“I have Bligh’s own account of the mutiny, ‘Delano’s Voyages,’ my father’s logbook, with his entry therein in his own handwriting, dated, as I now remember, February 8, 1808—Lady Belcher’s book, ‘The Mutineers of the Bounty’—and numerous letters and newspaper publications.
“If you would like a copy of my father’s journal entry, I shall have great pleasure in transcribing it, and sending it to you. I may as well say in advance that he, as a shipmaster, shared in the general feeling of the world, and shipmasters especially, against the ‘arch-mutineer,’ Christian.
“The history of your island will long, I may say always, be a wonder. During the sixty years that I remember it, it has been a wonder, and it will continue to be, as wonders do not decrease in interest. Three-quarters of a century have gone into the great ocean of time since Captain Mayhew Folger discovered the colony, and the interest in the history of the island is unabated. The island cannot be mentioned without exciting a wonder even in the mind of the unlearned, as to the history of the colonists, their present status, and, indeed, all that concerns them.
“In connection with the truth concerning the colonists, there has been a great deal of error and nonsense published. Blackwood’s Magazine is not free from being a participant in setting afloat most senseless statements, which were about twenty-four years since repeated in this country. There are very few living who can enter into the spirit of Pitcairn’s history, and, what is to me most singular and unaccountable, a large number of would-be historians are engaged in uttering most senseless pretensions to correct the history of the island, from the arrival of the Bounty until the arrival of the Topaz—a period of twenty years when nothing was known, nor could be known, of the island, nor was known until the arrival of the Topaz in February, 1808.

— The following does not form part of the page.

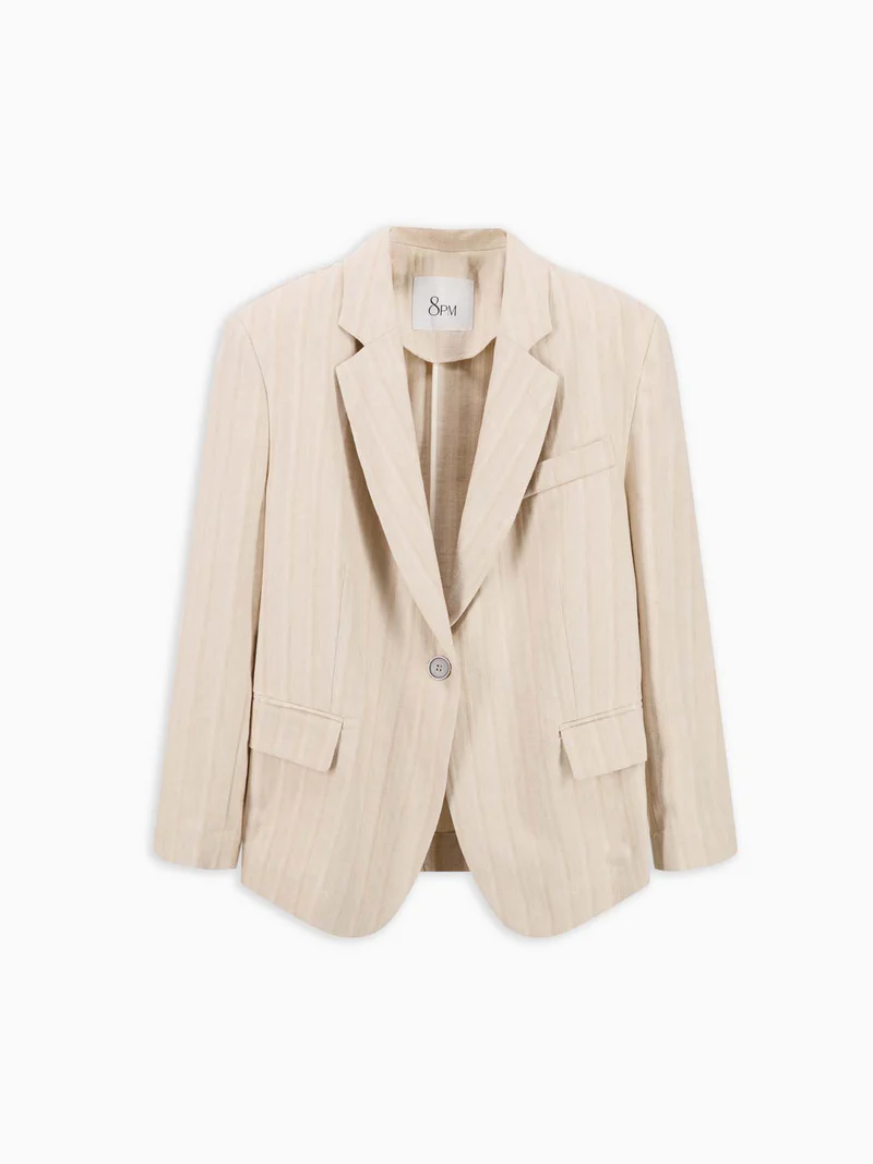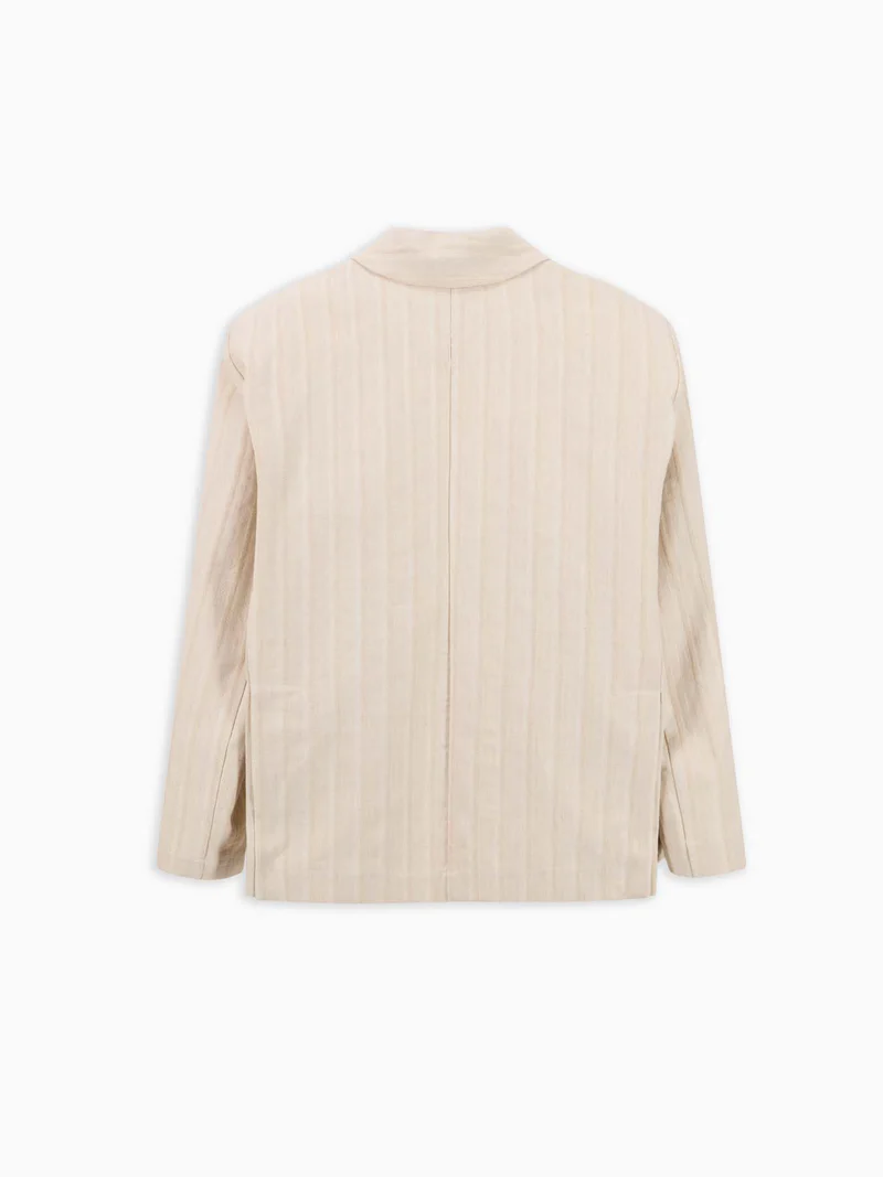 giacca oversize in tela di cotone spigato, chiusura centrale con bottone in metallo, spacchi laterali, due tasche con patta sul davanti e una tasca a filetto nella parte superiore.

“You, undoubtedly, have had access to the account of the mutiny by Captain Bligh, also to ‘Delano’s Voyages,’ published in 1817, in which are two letters from Captain Folger, one to Captain Delano, and one to the Lords of the Admiralty, R. N., and which was received by them through Rear-Admiral Hotham, who, in 1813, was, I think, in command of the English blockading squadron on our coast in the War of 1812.... It was through Rear-Admiral Hotham that my father sent the Azimuth compass, and within five years last past I have noticed in some publication (I cannot state what one) that Her Majesty’s navy had obtained the Bounty’s chronometer, which was taken from my father at Valparaiso when his vessel was confiscated by the Spanish governor of Chile when he reached the South American Coast, after having visited Pitcairn’s Island.

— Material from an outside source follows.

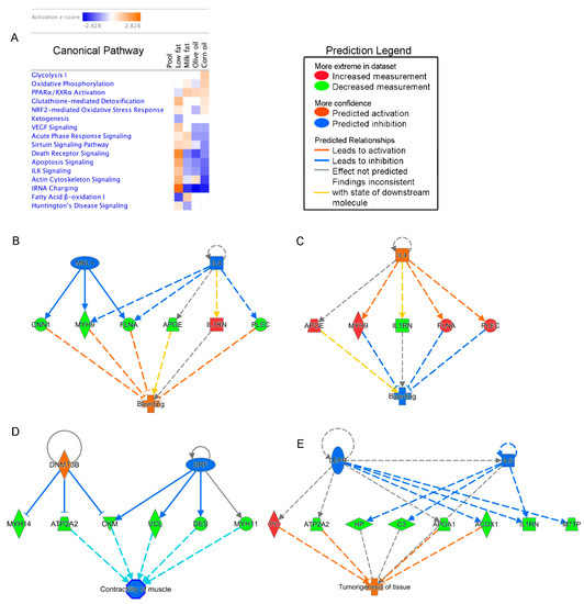 The milk fat dietary group had upregulated acute phase response (Figure 5A). Acute phase proteins are defined as proteins which are increased by at least 25 percent during inflammation and includes proteins such as apolipoprotein A1, ferritin, haptoglobin, interleukin-1 receptor antagonist protein, and serpin family A member 3, which were all upregulated in the milk fat group (Table 1). While not included in the IPA derived pathway, alpha-1 acid glycoprotein 1 was similarly upregulated and is involved in acute phase response. The milk fat group was the only high-fat diet to have upregulated fatty acid β-oxidation 1 and sirtuin signaling. Previous studies have shown that the sirtuin signaling pathways link inflammation and metabolism particularly protective restitutive responses helping to resolve inflammation [48]. Of the 22 proteins utilized in the IPA sirtuin signaling pathways, 6 were upregulated in the milk fat group including ATP synthase F1 subunit beta, H1 histone family member 0, NADH: ubiquinone oxidoreductase subunit A9, NADH: ubiquinone oxidoreductase core subunit S3, and voltage dependent anion channel 1. In contrast to the corn oil and olive oil dietary groups, IPA did not generate a hypothesis to explain how activation or inactivation of regulators leads to an increase or decrease of function in the milk fat group. Given these data, milk fat appears to have increased expression of inflammatory pathways.
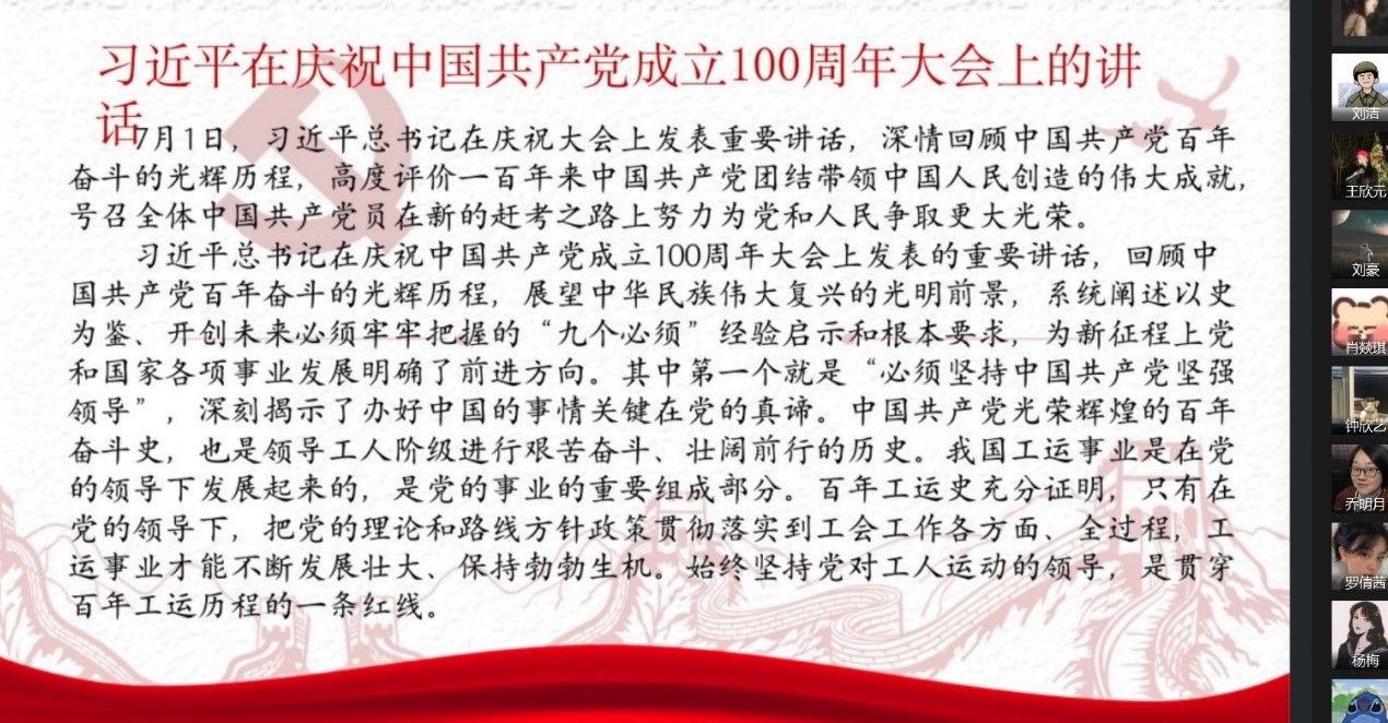 全体支部参会同志认真学习了习近平在庆祝中国共产党成立百年大会上的重要讲话精神,深刻认识党团结带领人民在百年接续奋斗中开辟的伟大道路、创造的伟大事业、取得的伟大成就,深刻总结党在百年奋斗历程中积累的宝贵经验,以史为鉴、开辟未来。

“As your grandfather, Mr. Buffett, mentions ‘Delano’s Voyages,’ I suppose you too have read that, in many respects, curious book. In the main, the portion which refers to my father is correct. Captain Delano visited my father at Kendal in 1817.... In reading Mr. Delano’s book you will find a letter to the Lords of the Admiralty dated at Kendal.... If I were to write a history of the island, I could give a chronological statement that would be in order and critically correct, as I think I have in my library every date from the discovery of the island in 1767, by Captain Cartaret, of H. B. M. ship Swallow, to the present time....

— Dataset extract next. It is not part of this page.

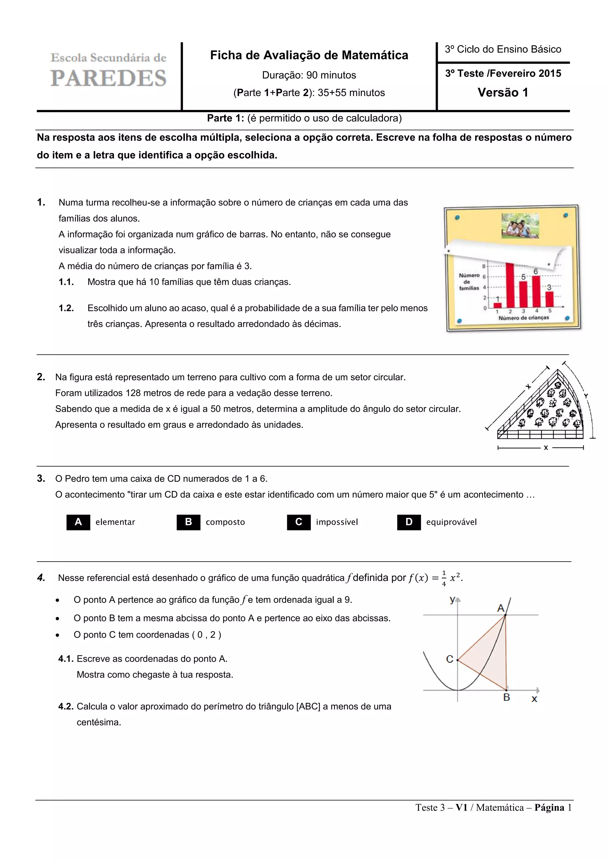 O documento apresenta um teste de matemática com 16 questões divididas em duas partes. A primeira parte permite o uso de calculadora e contém questões de escolha múltipla e cálculos. A segunda parte não permite o uso de calculadora e também contém questões de escolha múltipla e resolução de exercícios algébricos e geométricos.
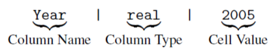 TaBert对内容快照中的每一行进行线性化,作为Transformer的输入。每一个值表示成三部分:列名、类型和单元值,中间使用“|”分割。如上图的B,R2行的2005就可以表示为:

“Since writing the foregoing, I concluded to copy all the entries from my father’s logbook in which the island is mentioned....
“‘Ship Topaz, of Boston, Mayhew Folger master, on a sealing voyage to the South Pacific Ocean, 1808.
“‘Saturday, 6th February.—First part light airs at east, steering west by south, half south by compass. At ½ past on P. M. saw land bearing southwest by west half west. Steered for the land with a light breeze at east, the said land being Pitcairn’s Island, discovered in 1767 by Captain Cartaret in his Britannic Majesty’s sloop Swallow. A 2 A. M. the isle bore south two leagues distant. Lay off and on till daylight. At 6 A. M. put off with two boats to explore and look for seals.